= Available data =
■ ■ ■ ■ ■

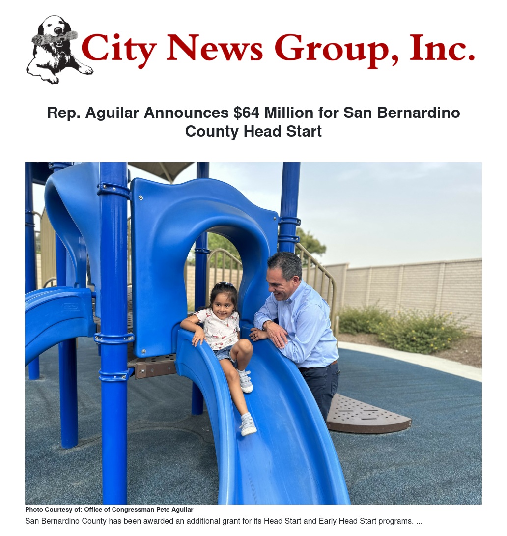 On August 10, Rep. Pete Aguilar announced a $64,533,842 grant for San Bernardino County Head Start and Early Head Start programs. In San Bernardino County, Head Start currently serves nearly 4,000 kids and their families.
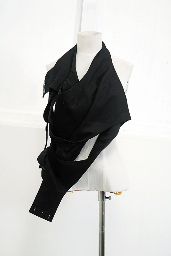 d/ 先把其中一边袖圈穿过头,再随意把其余部分披上,立刻变成超型围巾。
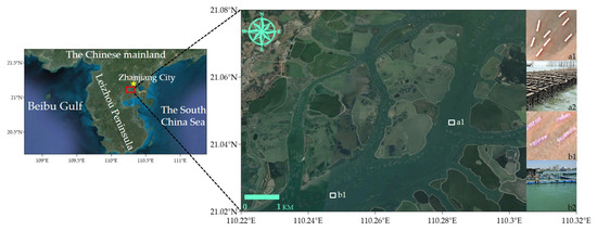 The research area in true color with image examples are raft and cage aquaculture areas on the satellite (a1 and b1, respectively) and ground (a2 and b2, respectively).
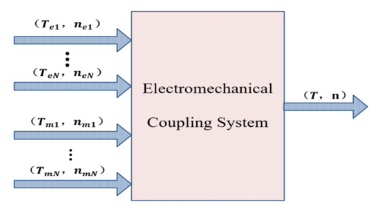 According to the different coupling modes of the output power of the power source, PHEVs or SPHEVs are divided into a torque coupling-HEV, a speed coupling-HEV, and a hybrid (power) coupling-HEV [25]. For HEVs, electromechanical coupling refers to the phenomenon or relationship among the engine (, ), motor (, ), and output (), as shown in Figure 5, where and are the output torque and speed of the engine, respectively; and are the output torque and speed of the motor, respectively; and are the output torque and speed of electromechanical coupling system, respectively; and η is the total transmission efficiency of the electromechanical coupling system.
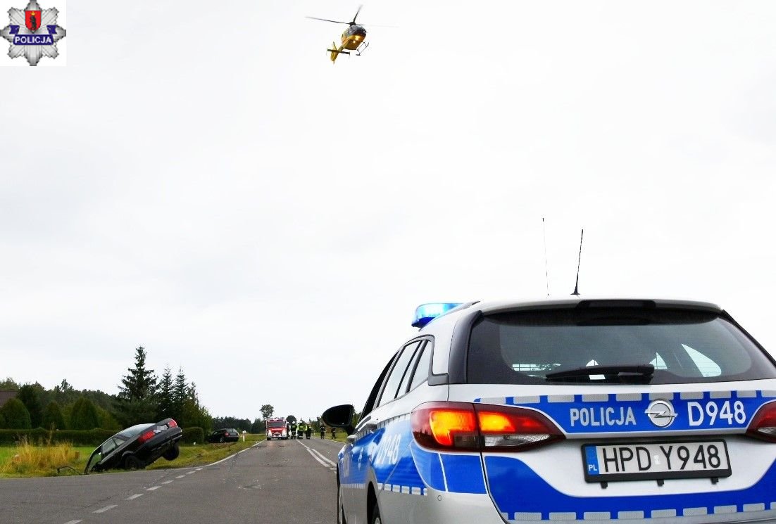 Z poważnymi obrażeniami ciała przetransportowano śmigłowcem z miejsca wypadku drogowego 35-latka z gminy Wojcieszków. Mężczyzna kierując samochodem marki Audi zderzył się ze skręcającym na skrzyżowaniu drugim audi.

■ ■ ■ ■ ■

= The task =
Your copy must reproduce the entries above in full, without their pictures.

= Response to this task =
 On August 10, Rep. Pete Aguilar announced a $64,533,842 grant for San Bernardino County Head Start and Early Head Start programs. In San Bernardino County, Head Start currently serves nearly 4,000 kids and their families.
 d/ 先把其中一边袖圈穿过头,再随意把其余部分披上,立刻变成超型围巾。
 The research area in true color with image examples are raft and cage aquaculture areas on the satellite (a1 and b1, respectively) and ground (a2 and b2, respectively).
 According to the different coupling modes of the output power of the power source, PHEVs or SPHEVs are divided into a torque coupling-HEV, a speed coupling-HEV, and a hybrid (power) coupling-HEV [25]. For HEVs, electromechanical coupling refers to the phenomenon or relationship among the engine (, ), motor (, ), and output (), as shown in Figure 5, where and are the output torque and speed of the engine, respectively; and are the output torque and speed of the motor, respectively; and are the output torque and speed of electromechanical coupling system, respectively; and η is the total transmission efficiency of the electromechanical coupling system.
 Z poważnymi obrażeniami ciała przetransportowano śmigłowcem z miejsca wypadku drogowego 35-latka z gminy Wojcieszków. Mężczyzna kierując samochodem marki Audi zderzył się ze skręcającym na skrzyżowaniu drugim audi.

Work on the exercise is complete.